Although previous research has provided indications that older workers who approach the retirement age may distance themselves from their work, it is unclear how this process occurs or, more specifically, how work motivation develops with pending retirement. To illustrate, Damman et al (11) had a broad understanding of the preretirement disengagement process, which includes a decrease in work investments and activities and declining work motivation. However, it is likely that these domains do not always develop in the same way. It is, for example, possible that older workers experience lower motivation to work when they approach retirement, but at the same time have a stable level of work activities. Moreover, trajectories of work motivation have not been studied yet.

Therefore, in the present study, we zoomed in on work motivation (ie, work engagement) among older workers who approach the retirement age. The first goal was to identify different trajectories of work engagement among older workers approaching the retirement age. The second goal was to examine the associations of the different trajectories of work engagement with actual retirement.

Methods

Design and study population

The current study is part of the Study on Transitions in Employment, Ability and Motivation (STREAM). STREAM is a Dutch longitudinal study among, at baseline, 15 118 persons including employees (N=12 055), self-employed persons (N=1029), and persons without paid employment (N=2034) aged 45–64 years. Persons participated in a GfK Intomart internet panel. At baseline, the study population was stratified by employment status and age. On an annual basis, STREAM participants completed an online questionnaire in October / November 2010 (T1), 2011 (T2), 2012 (T3), and 2013 (T4). The study population of STREAM has been extensively described elsewhere (16). In the present study, we used data from all four waves of STREAM.

Employees were included in the present study if they were aged 55–62 years at baseline. A lower limit of 55 years was applied as the proportion of employees who had retired (early) after three years of follow-up strongly increased from this age onwards. An upper limit of 62 years was used because, after three years of follow-up, these participants had reached the official retirement age of 65 years. Of the employees aged 55–62 years, the study included those who were employed on ≥2 of the measurements, which was needed to identify the three-year trajectories of work engagement. Since we were interested in trajectories before retirement, information on working engagement in the year preceding the event was considered as crucial information; hence persons who retired between T2 and T3 were included if information on work engagement at T2 was available, and persons who retired between T3 and T4 were included if information on work engagement at T3 was available. Finally, persons who indicated they were (partially) work disabled or unemployed at baseline or during follow-up were excluded from the present study. In total, 3171 participants were included.

Measures

Work engagement was measured with six items on vigor (three items) and dedication (three items) from the Utrecht Work Engagement Scale (UWES) (5), which were combined to form one scale (Cronbach’s alpha=0.93). Vigor refers to having a lot of energy at work and mental resilience, feeling strong and fit, and not getting tired from work very fast (eg, “At my job, I feel strong and vigorous”). Dedication refers to enthusiasm, inspiration, pride, and job satisfaction (eg, “I am enthusiastic about my job”). Items could be answered on a 7-point scale ranging from “never” to “always” (0–6), and a higher score reflects a higher work engagement. In previous Dutch research, the average scores for vigor and dedication were 4.01 and 3.88, respectively (17).

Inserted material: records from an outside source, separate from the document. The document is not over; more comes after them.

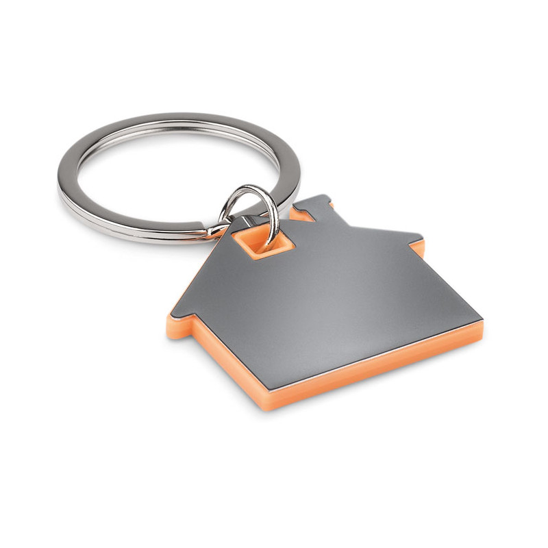 Porta-chaves em forma de casa, fabricado em aço inoxidável e plástico, ideal para brindes promocionais personalizados.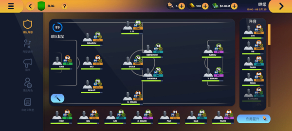 3、计划训练课程、选择首发前11人、以制胜战术智胜对手。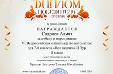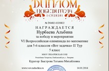 с победой во Всероссийской дистанционной олимпиаде по математике «Вот задачка», которая проводилась с 28.10.2013 по 14.01.2014 г. Центром развития мышления и интеллекта. Учитель Быстрова Татьяна Михайловна.

Information on (early) retirement was derived from one question asking persons to indicate their employment status, with, among others, the following answering options: a paid job or multiple paid jobs as an employee, early retirement, and retirement. In this study, (early) retirement referred to employees who reported that they retired at or before the official retirement age of 65 years at the third or fourth wave. This definition also includes persons who indicated that they had retired (early), but were still also working as an employee or self-employed person.

Covariates

Age, gender, and educational level were incorporated in this study as covariates. Educational level was measured using a question on the highest level of education completed with a diploma, and categorized into low (primary school, lower and intermediate secondary education, or lower vocational training), intermediate (higher secondary education, or intermediate vocational training), or high (higher vocational education or university).

Work ability was measured with the following item of the work ability index: “By ‘work ability’, we mean the degree to which you are able to work, both physically and mentally. If you assign ten points to your work ability in the best period of your life, how many points would you assign to your work ability at this moment?” (18). The answer scale ranged from 0–10. Trajectories of work ability were obtained in the same manner as trajectories of work engagement.

We constructed a variable on the agreement between intention-to-retire and actual retirement. The degree to which retirement was planned was assessed by one question, ie, “Are you planning to stop working in the next 12 months?”, which could be answered on a 5-point Likert scale, ranging from “certainly not” to “certainly”. The response categories were dichotomized into “no intention to retire” (“certainly not”, “probably not”, and “maybe”) and “intention to retire” (“probably” and “certainly”). This information was combined with actual employment status into a measure on agreement between intention and actual retirement. Participants were classified into “no intention and no retirement”, “no intention, yet retirement”, “intention, yet no retirement”, and “intention and retirement”.

Statistical analysis

The analyses were conducted in the following two steps: (i) identifying groups of employees with similar trajectories in work engagement, and (ii) studying whether trajectory membership was associated with (early) retirement (T3/4).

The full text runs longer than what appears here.